6. How is it that our comfortable society has lost its sense of the value of truthfulness? Life has become so easy that we think we can get along without telling the truth. A liar no longer needs to feel that his lies may involve him in starvation. If living were a little more precarious, and if a person who could not be trusted found it more difficult to get along with other men, we would not deceive ourselves and one another so carelessly

            But the whole world has learned to deride veracity or to ignore it. Half the civilized world makes a living by telling lies. Advertising, propaganda, and all the other forms of publicity that have taken the place of truth have taught men to take it for granted that they can tell other people whatever they like provided that it sounds plausible and evokes some kind of shallow emotional response.            

            Americans have always felt that they were protected against the advertising business by their own sophistication. If we only knew how naïve our sophistication really is! It protects us against nothing. We love the things we pretend to laugh at. We would rather buy a bad tube of toothpaste that is well advertised than a good one that is not advertised at all. Most Americans wouldn’t be seen dead in a car their neighbors never heard of.

            Sincerity becomes impossible in a world that is ruled by a falsity that it thinks is clever enough to detect. Propaganda is constantly held up to contempt, but in contemning it we come to love it after all. In the end we will not be able to get along without it.  

           This duplicity is one of the great characteristics of a start of sin, in which a person is held captive by the love for what he knows he ought to hate.  

            Given the social media environment of today, it’s obvious that Merton’s insight should be reflected on deeply. The following reading list contains some of the research I have done during my lifetime. I offer it for those who are equally concerned about the future.
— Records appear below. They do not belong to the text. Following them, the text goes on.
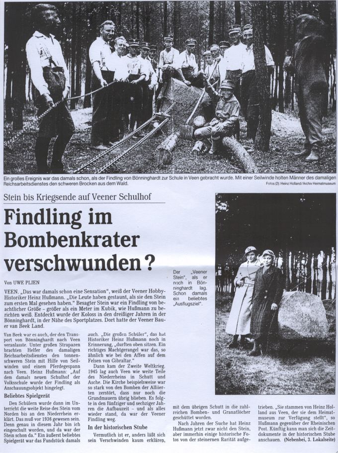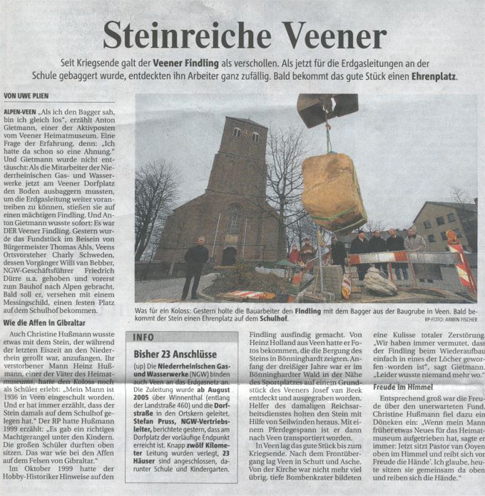 Überbleibsel aus der Eiszeit an der Veener Kirche gefunden. Der Stein stand schon einmal auf dem Schulhof. ALPEN. Man sieht sich immer zweimal. Mag der Spruch eigentlich auf Menschen gemünzt sein, in Veen trifft er auf einen Findling zu. Der war nämlich lange Zeit verschwunden, ehe er jetzt wieder ans Tageslicht gebracht wurde. Bei Anschlussarbeiten der Niederrheinischen Gas- und Wasserwerke (NGW) wurde er nun direkt vor der Haltestelle "Veen Kirche" entdeckt. "Ende August haben wir mit dem Verlegen der rund zwölf Kilometer langen Leitung begonnen. Es war das letzte Objekt, die Schule, die wir anschließen wollten, als der Bagger auf den Findling stieß", berichtete Stefan Prusst, Vetriebsleister der NGW. Sofort wurde Bürgermeister Thomas Ahls benachrichtigt. Und der informierte sofort Anton Gietmann, einer der Führer des Heimatmuseums Veen. Als der von dem Koloss hörte, war ihm gleich klar, dass ist der Findling, der mal auf dem Platz der Veener Schule stand. Anfang der 30er Jahre wurde das Überbleibsel aus der Eiszeit in der Bönninghardt gefunden. Bauer van Beek stieß auf seinem Acker in der Nähe des Sportplatzes auf den Stein. Er initiierte auch den Transport nach Veen. Mit Hilfe des Reichsarbeitsdienstes wurde damals mit einem Pferdegespann das über einen Kubikmeter große Teil zur Schule nach Veen transportiert. Als Junge darauf rumgeturnt Er sollte als Anschauungsobjekt für die Schüler dienen. Was die auch eifrig wahrnahmen, wie sich der ehemalige Ortsvorsteher Wilhem van Bebber erinnert: "Wir Jungen haben immer darauf rumgeturnt. Bis der Pastor kam und uns runterholte. Später konnte sich keiner mehr entsinnen, wo der Stein abgeblieben ist." Kein Wunder, denn Veen wurde im Zweiten Weltkrieg fast völlig zerstört, lag 1945 in Schutt und Asche. Von der Kirche, gleich neben der Schule gelegen, blieben nur noch die Grundmauern erhalten. Der Platz davor war übersät mit Bomben- und Granatenkratern. Diese wurde bei den Aufräumungsarbeiten Anfang der 50er Jahre verfüllt. Und bei dieser Gelegenheit muss wohl auch der Stein in der Erde vergraben worden sein. Nachdem der Stein gehoben war, wurde er erst einmal zum Bauhof gebracht. Hier soll er nun von allen Erdresten befreit und gesäubert werden. Anschließend wird er wohl wieder an seinem angestammten Platz auf dem Schulhof zu stehen kommen. Bürgermeister Thomas Ahls: "Der Findling wird mit einer entsprechenden Tafel versehen und kann dann wieder als Spielmöglichkeit dienen." Allerdings müsste vorher noch mit der Gemeindehaftpflichtversicherung geklärt werden, ob ein Prallschutz am Boden ausreiche.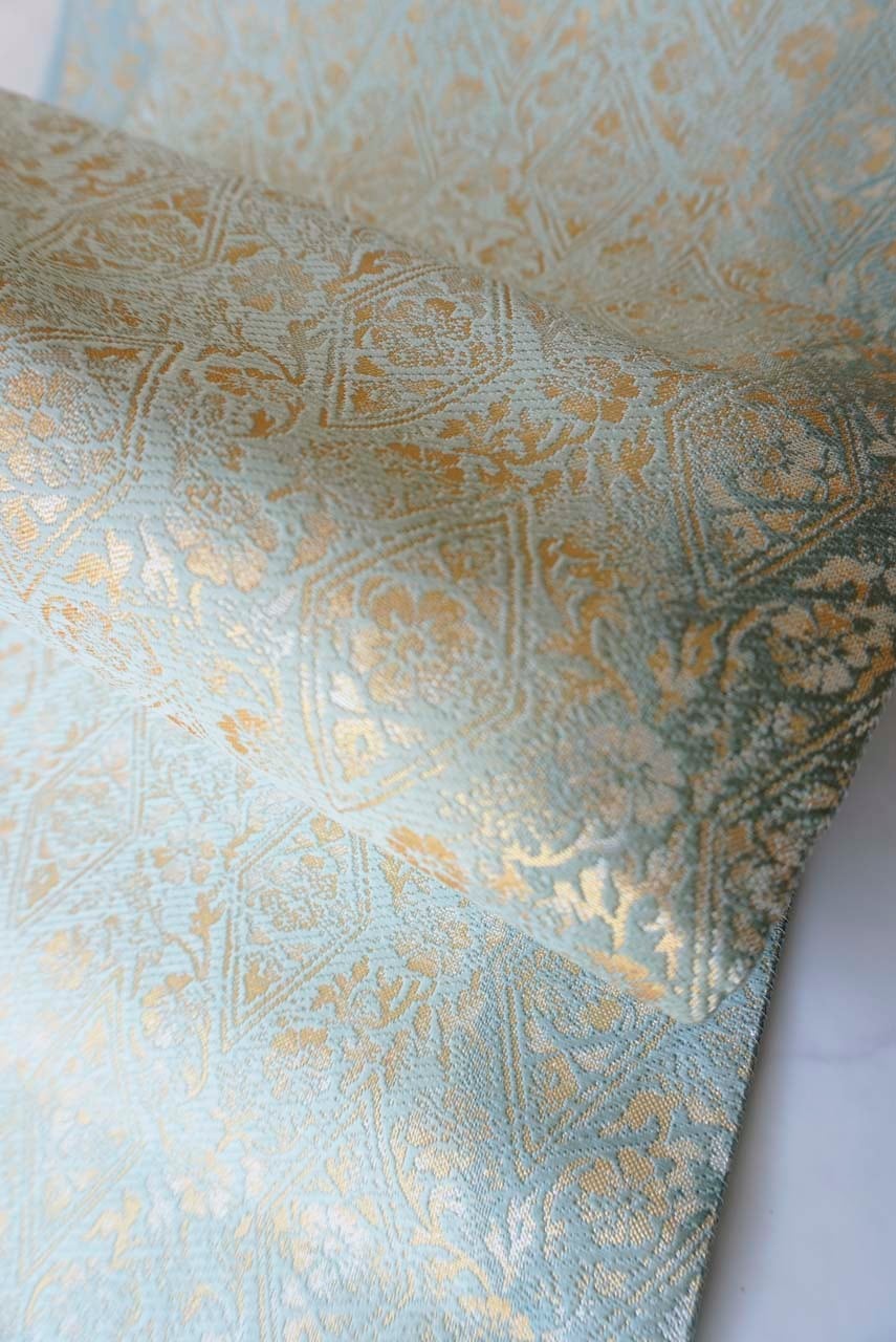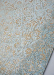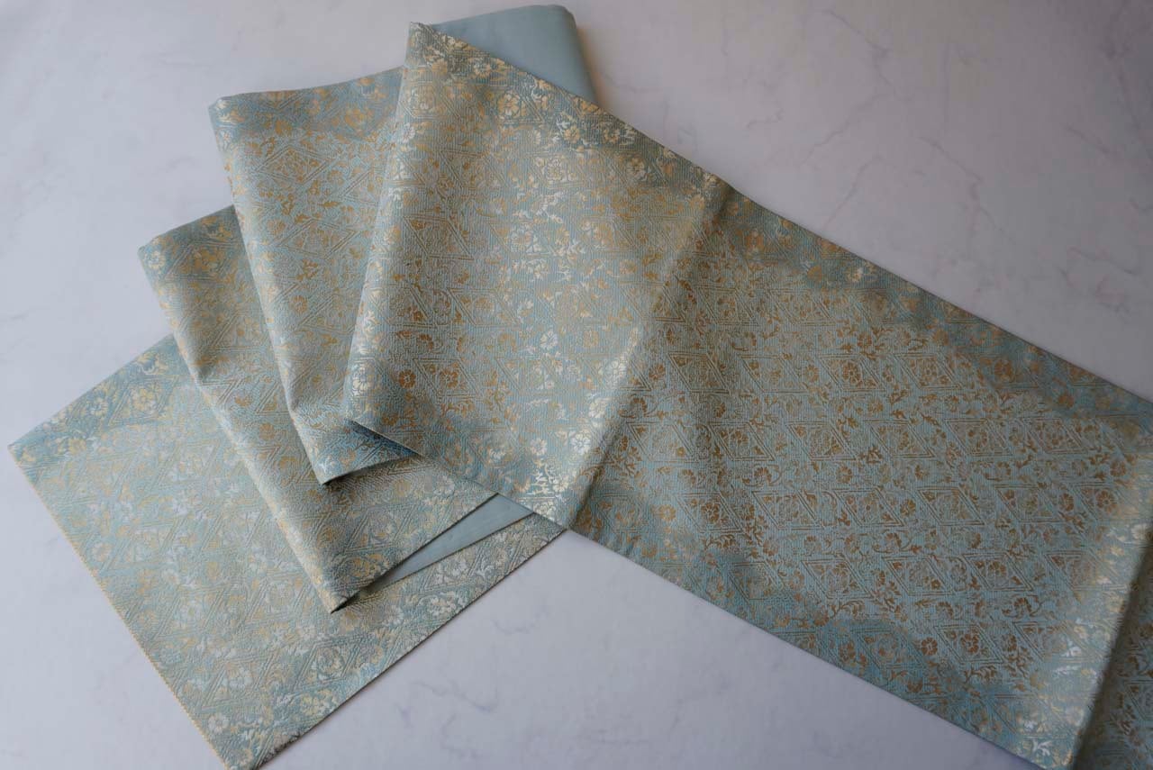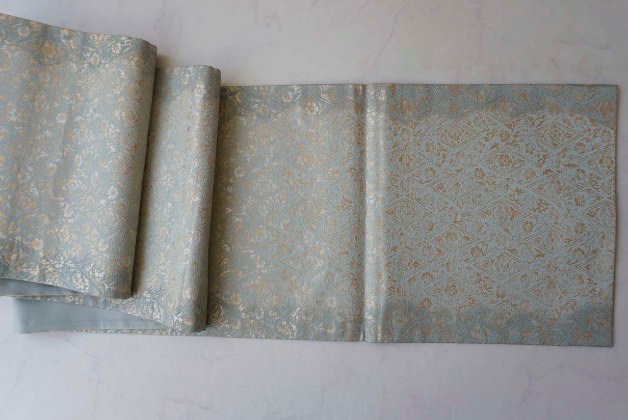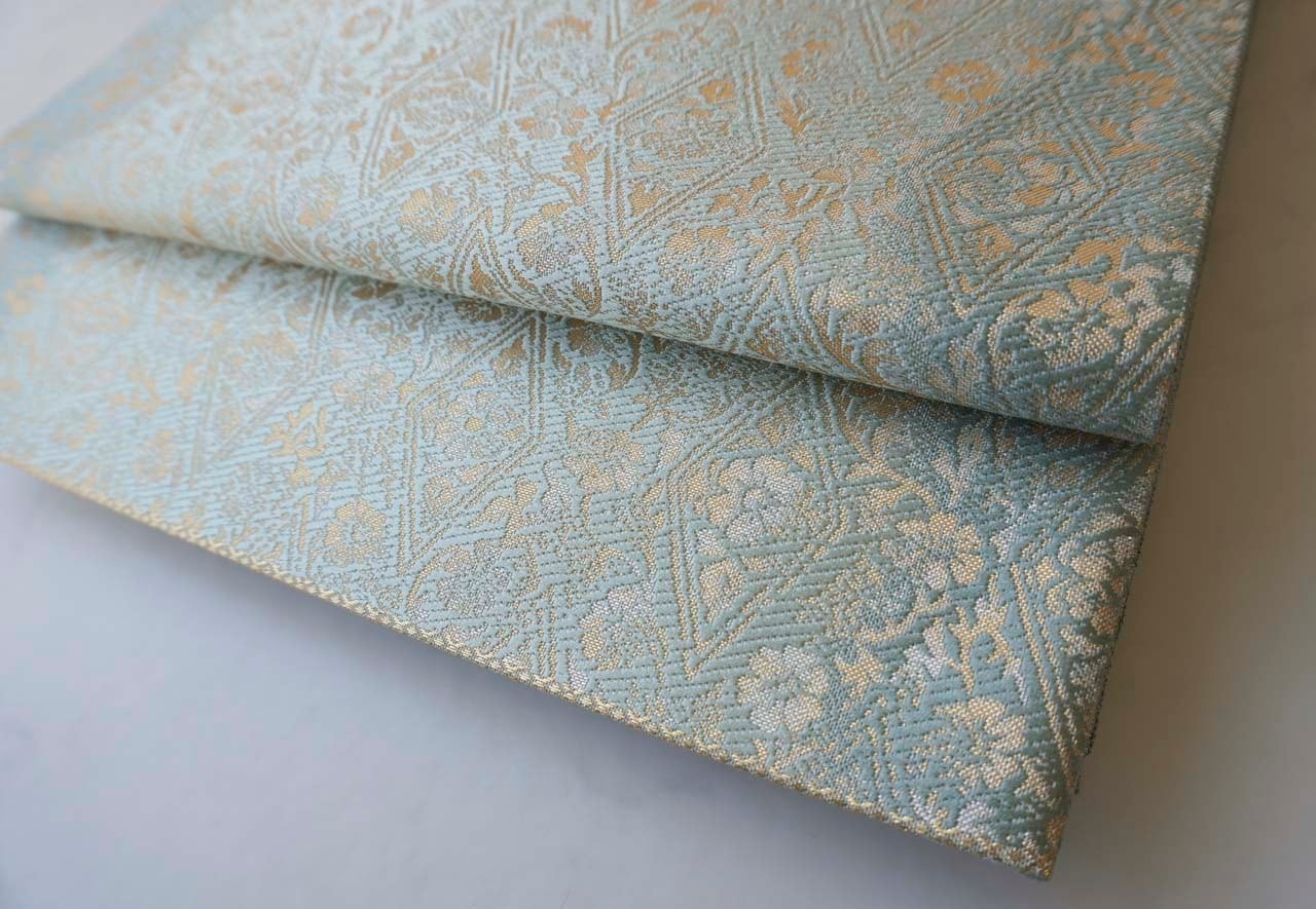 京都・織楽浅野製、千草色の濃淡の地に花唐草菱文の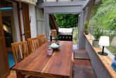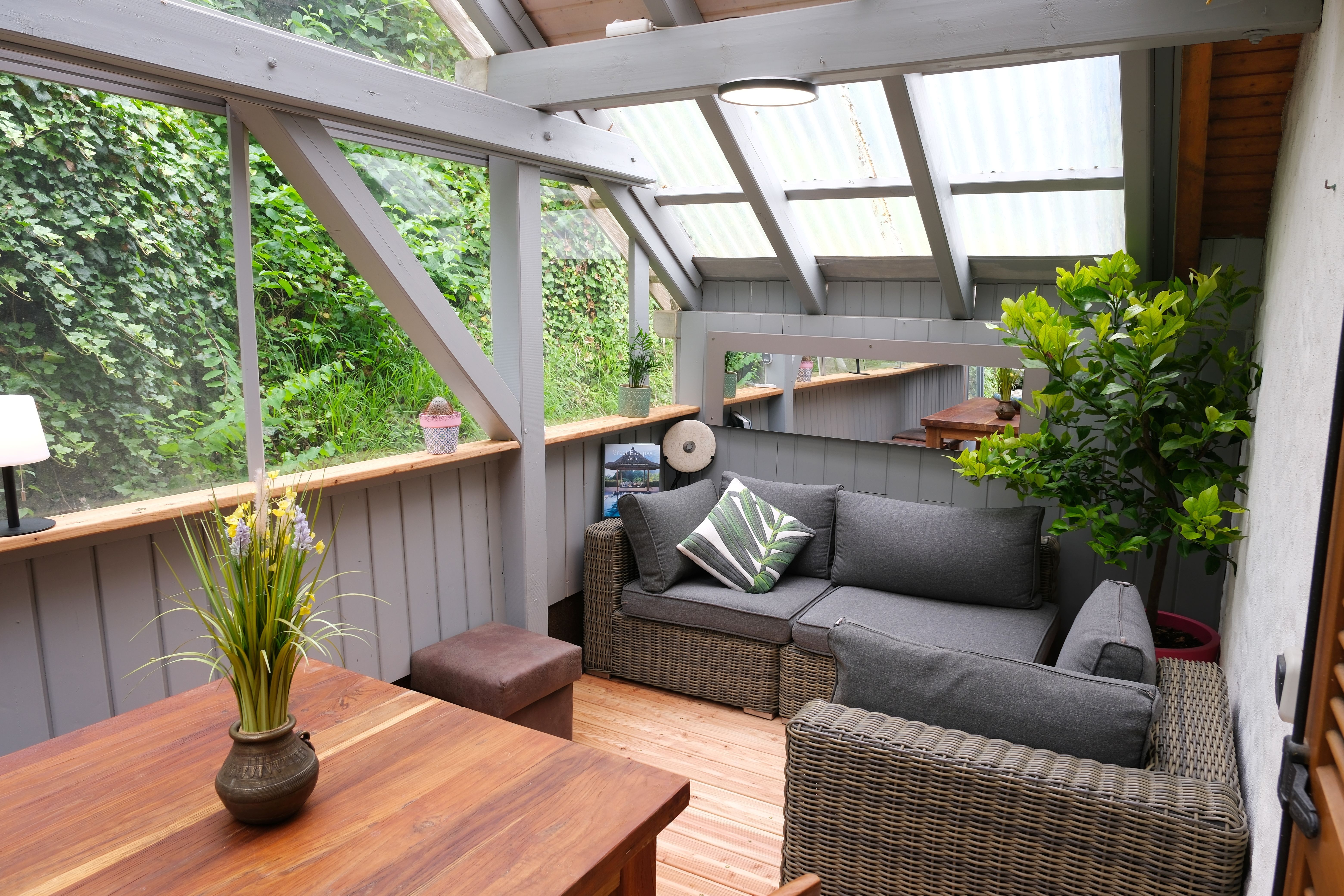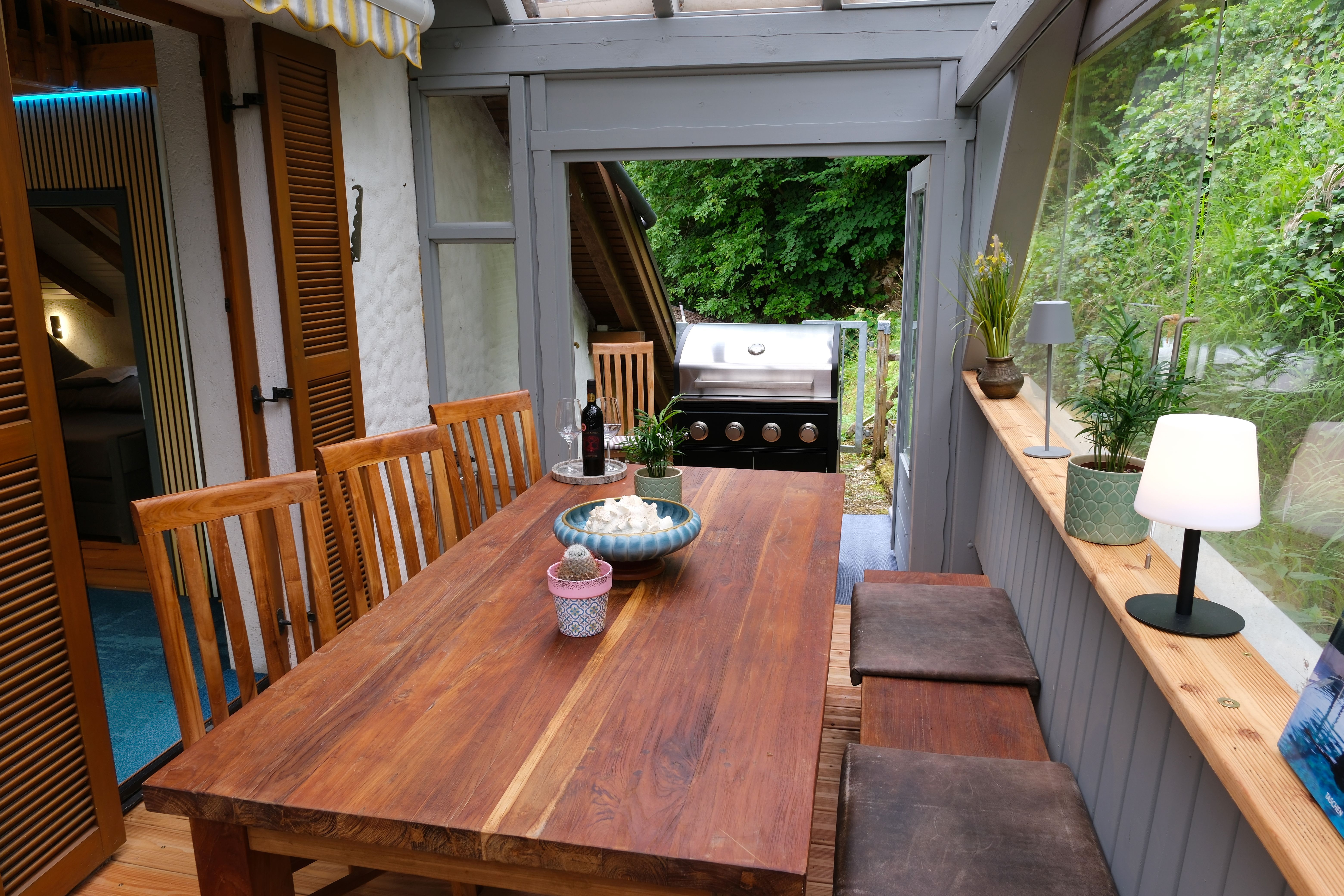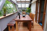 Zur Gebäuderückseite führt eine Türe in einen Wintergarten. Dieser bietet neben einem großen Teakholz Esstisch mit 4 Stühlen und einer Teakholzbank genügend Platz für Sie!
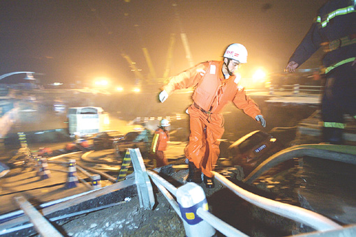 “马路突然下陷,路面倾斜成了六七十度的坡。我把握不住方向,摩托车直接撞上了路边的隔离墩。我感觉整个大地都在震动,周围的塔吊也都倾倒了。”金国飞说,当时他完全懵了,“我第一反应就是拿出对讲机向队里汇报情况。”汇报完情况,金国飞赶紧往路面上爬,然后在现场参与了一夜的救援。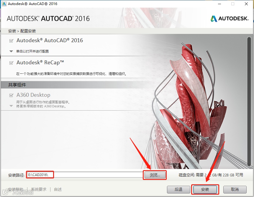 9.点击【浏览】设置CAD软件安装路径,建议安装到除C盘以外的磁盘,可自行设置,设置好安装路径后点击【安装】。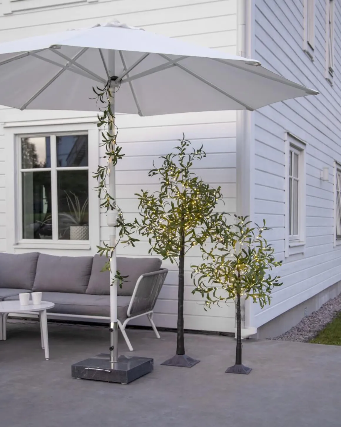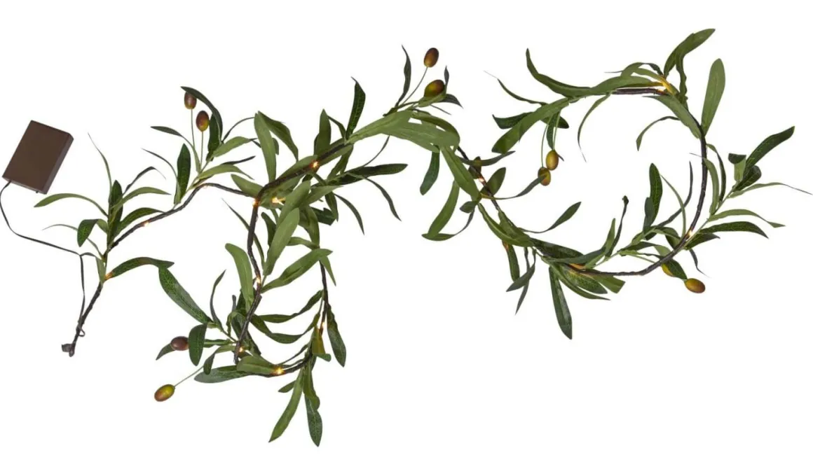 Dekorativ 180 cm lång formbar girlang med olivblad och oliver från Star Trading. Ger ett behagligt varmvitt sken och passar som dekoration både inom- och utomhus. Batteribox med timerfunktion och för utomhusbruk.

            Future Shock by Alvin Toffler

            The Greening of America by Charles Reich

            Understanding Media, The Extensions of Man by Marshall McLuhan

            Subliminal Seduction by Wilson Bryan Key

            The Technological Society by Jacques Ellul

            Propaganda, The Formation of Men’s Attitudes by Jacques Ellul

            Each of these works identifies specific elements of The Problem: We are emotionally manipulated to choose things which are contrary to what is good for us as human beings. By not accepting objective truth, we cannot know what is good. As Jacques Ellul points out in Propaganda,

            I shall devote much space to the fact that propaganda has become an inescapable necessity for everyone. In this connection I have come upon a source of much misunderstanding. Modern man worships “facts” – that is, he accepts “facts” as the ultimate reality. He is convinced that what is, is good. He believes that facts in themselves provide evidence and proof, and he willingly subordinates values to them; he believes what he believes to be necessity, which he somehow connects with the idea of progress.

            Objective truth transcends subjective “facts”. Values are defined by unchanging principles founded on objective truth. As human beings we rely on faith and reason to discover, and embrace, truth.

            As always, in the words of Edward R. Murrow, “Good night and good luck.”